Friday, August 23, 2013

Starting Over

That's what I've done in every aspect of my life in the past year: new job, new friends, new city, new house, new life altogether. It's really taken a toll on me and my husband mentally, physically, and spiritually.


Starting over. Those words sound like a good idea most of the time, especially when you pair them with some other over-used phrases. Clean slate. Fresh start. Sounds so exciting and liberating, doesn't it?

No one ever tells you that trying to find a new hairdresser is so terrifying that you will practically have an anxiety attack every time this stranger runs a comb through your hair. I had been going to the same amazing woman for twenty years. She knew about every boyfriend I ever had, sent me to prom with the prettiest hair ever, and labored over me and all my bridesmaids on the day of my wedding. How can someone possibly fill those shoes? And don't even get me started on the horror of trying to find a new gynecologist. The thought of someone new poking and prodding my hoo-hah makes me nauseous.
Finding friends is even harder. It's like a strange interview process, where you have to balance being yourself and pretending to like things you really don't to get people to accept you. You will find yourself making goodies to win people over - obsessing over making the perfect frosting for your cupcakes. It matters, dammit. You have to be really careful too. Your mom always warned you about falling into the wrong crowd, and that still applies when you're an adult. Adult friends can be worse than middle-schoolers! You have your drama queens, attention-seekers, misery-loves-company types, annoying people, and just straight weirdos. Not to mention you will severely miss your old friends, who you will make every effort to see, but they will be just as busy as you.
There are some good things about living in a new place. No one knows us here yet, so it's really convenient to not find it necessary to put on makeup (or decent clothes really) to run errands.
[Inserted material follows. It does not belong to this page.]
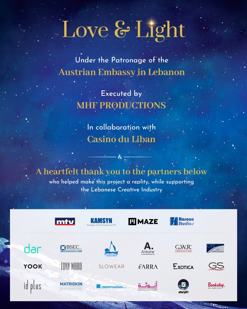 The Love & Light Orchestral Theatrical Christmas Concert, was held Under the Patronage of the Austrian Embassy in Lebanon, MHF PRODUCTIONS, in collaboration with Casino du Liban with the support of the strategic partners MTV, KAMSYN PR, MAZE, LIBRAIRIE ANTOINE and HAROUN STUDIOS. The concert was held without an audience at the Casino du Liban, in accordance with COVID-19 safety measures and restrictions.

It's not like we have to worry about running into someone important. Plus, all that mass production of sweets has perfected my talent for baking. I can now make an amazing cheesecake and practically bake and frost cupcakes in my sleep. Moving means you get to purge old stuff and decorate a brand new place. It's also a good excuse to try out lots of new restaurants. Of course, that also means starting a new workout routine.

Starting over. It's been the most stressful thing I've ever done. But it's also been fun and exciting, especially since I have an amazing best friend to do it with. Also, I think, what an interesting excuse to start writing again.

Note to Self: Do not take recommendations for restaurants from thin people.